1.Mac OS X: Time Machine

If you’re on a Mac, then you already have a great backup tool at your fingertips called Time Machine. In fact, there’s probably an icon for it that’s been waiting at the top of your menu bar. Simply take an external drive (see above), plug it into your computer, and open up Time Machine to configure it as a backup drive. Time Machine will more or less handle the rest, backing up individual files, folders, and apps. And if you get a new machine or need to reset your computer completely, OS X will prompt you to provide a Time Machine backup to restore from. Just make sure to be good about plugging in your drive regularly to actually do the backups; a backup that’s three years old is better than nothing, but the more often you back up, the better covered you’ll be in case of an emergency.

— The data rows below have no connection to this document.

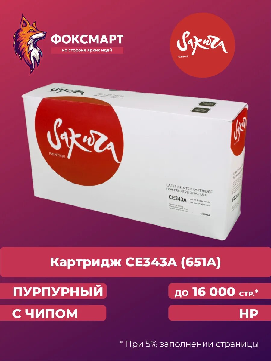 Картридж CE343A (651A) для HP, лазерный, пурпурный, 16000 страниц, Sakura
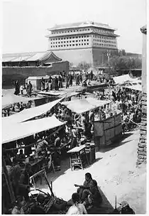 In the Yuan dynasty, the vicinity of what is now Huashi was a scenic area of lush meadows and gardens just outside the city of Dadu.[3] In 1422, an imperial lumber shop called the Sacred Wood Factory opened to process logs shipped from Sichuan to build palaces of the Ming dynasty.[3] In 1553, when the neighborhood was enclosed by the outer city wall, there were already 322 shops in the area.[3]
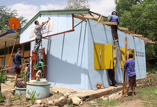 เหล่าพนักงานจิตอาสาช่วยกันซ่อมแซมห้องสมุด
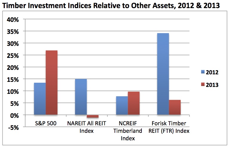 So let’s take a look and compare, for 2012 and 2013, the performance of indices tracking the S&P 500, all publicly-traded real estate investment trusts (NAREIT), private timberlands (NCREIF) and publicly-traded timberland-owning REITs (FTR). The timber REITs in the FTR Index include Plum Creek (PCL), Potlatch (PCH), Rayonier (RYN) and Weyerhaeuser (WY).
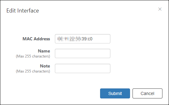 This dialog lets you add a new MAC Address (interface) to the device or update an existing MAC Address (interface) associated with the device.
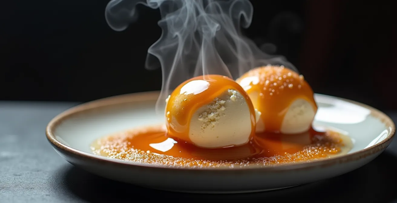 Avant même de déchiffrer une saveur complexe, notre palais réagit à une information bien plus primitive : la température. Le contraste chaud-froid est l’un des outils les plus puissants et directs pour créer un choc sensoriel immédiat. Il ne s’agit pas simplement de servir un plat tiède, mais de créer une collision thermique en bouche. Un cœur de sorbet glacé caché dans un soufflé brûlant, une tuile chaude posée sur une mousse glacée, une sauce chaude versée sur un carpaccio presque gelé… Ces associations forcent le cerveau à sortir de sa torpeur et à se focaliser intensément sur ce qui se passe. Cette « remise à zéro » perceptive amplifie la sensibilité aux goûts et aux textures qui suivent.
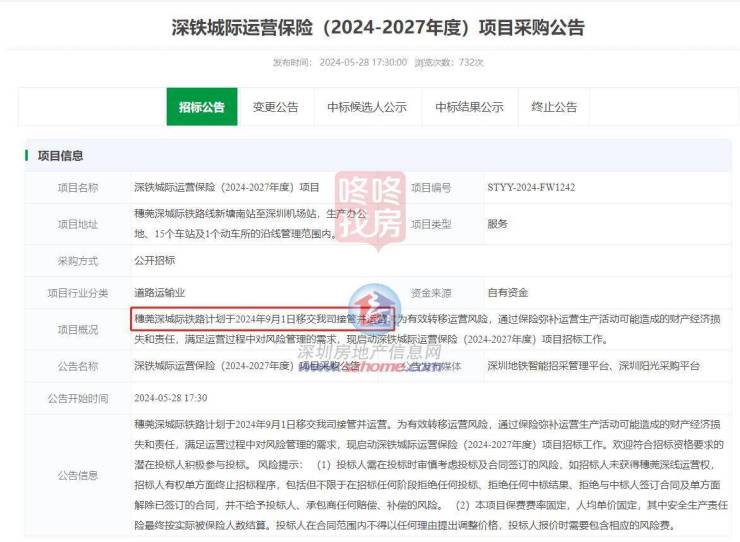 5月28日,深铁发布城际运营保险(2024-2027年度)项目采购公告。
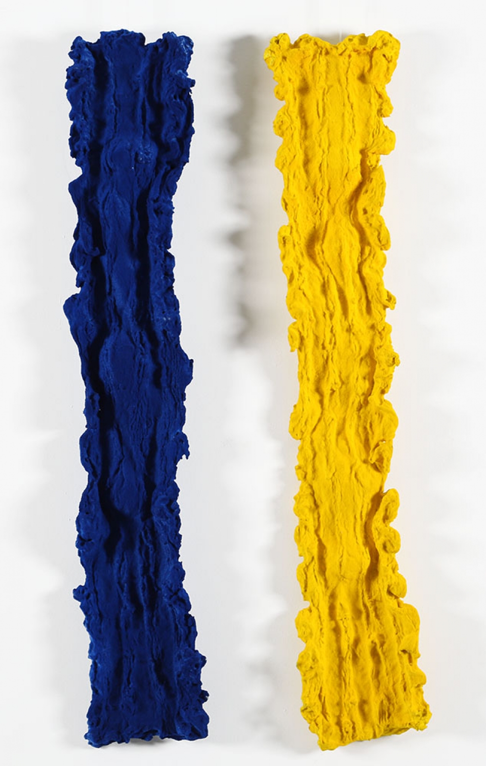 PINO PINELLI 1938 Pittura BL G, 1993 Pittura su 2 elementi, cm. 108 x 18 ( cadauno) Firmato e datato sul retro Autentica dell’artista su fotografia Prov. Collezione Privata
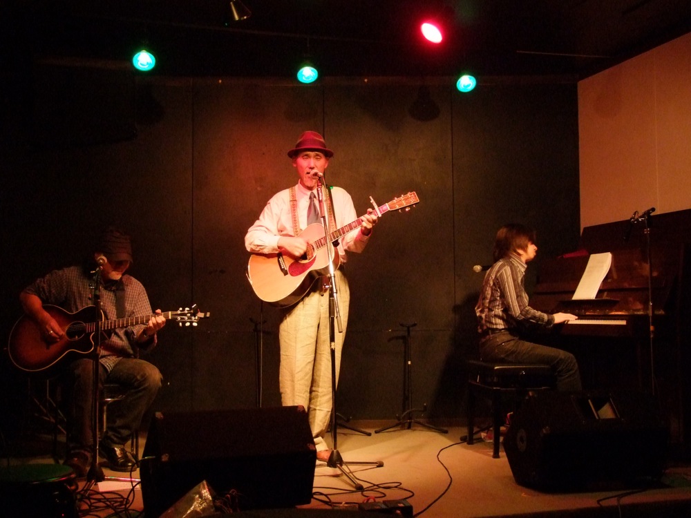 ただ、4日間だからライブは4回…と言うと、そうでもなく、場所によっては、Daddy さんのステージに自分が参加するものと、自分自身のソロとしてのステージを分けて行った所もあったので、個人的なステージ回数としては6,7は回行っていたのでした…。Daddy さんのステージでは、言うまでもなく、ギター・コーラスのちきぴーさんと一緒の参加だったのですが、以前、6月に行われたツアーの時〔Daddy 津田、福岡ツアー(2012.6.21~6.26)参照〕での自分達のメンバーであった、ドラムの島田和夫さんの姿はありませんでした。このブログでもお伝えしましたが〔島田和夫さん…参照〕、昨年の10月2日に亡くなられたからです。あの時 Daddy さんは、自分が現状で呼べる最高のメンバー達…と言ってライブを行っていただけに、10月の訃報は残念でなりませんでしたが、この同じ月での今回のツアー…。また自分達が見せられる最高のライブを行いたいものでした。…そんな状況の中で行われた九州・山口ツアー。どうぞ御覧下さいませ。

2.Windows 10: File History / Backup and Restore

Microsoft has added integrated backups to Windows 10, and it works pretty much the same way as on a Mac. Plug in your external drive, and navigate over to File History. (You can either search for this in the Start menu, or find it in the Settings app in the “Backups” portion.) There, you’ll be able to select specific folders to back up, and how often you’d like Windows to back things up. Just like on a Mac, though, you’ll need to actually plug in your drive for your files to actually get backed up.

Cloud Storage

Local backups are good, but much like your actual hard drive, they’re also prone to getting lost, damaged, or stolen. So it’s probably worth investing in some cloud storage options as a backup backup, just in case.

For individual files — like, say, an important copy of a presentation, or your big lab report that’s due next week — the simplest way to back up to the cloud is with providers like Google Drive, Dropbox, OneDrive, or iCloud. All of them allow you to install an app that scans a local folder and keeps everything in it uploaded to the cloud. That way, even if your whole computer gets hosed, you’ll still be able to log in and access it from anywhere.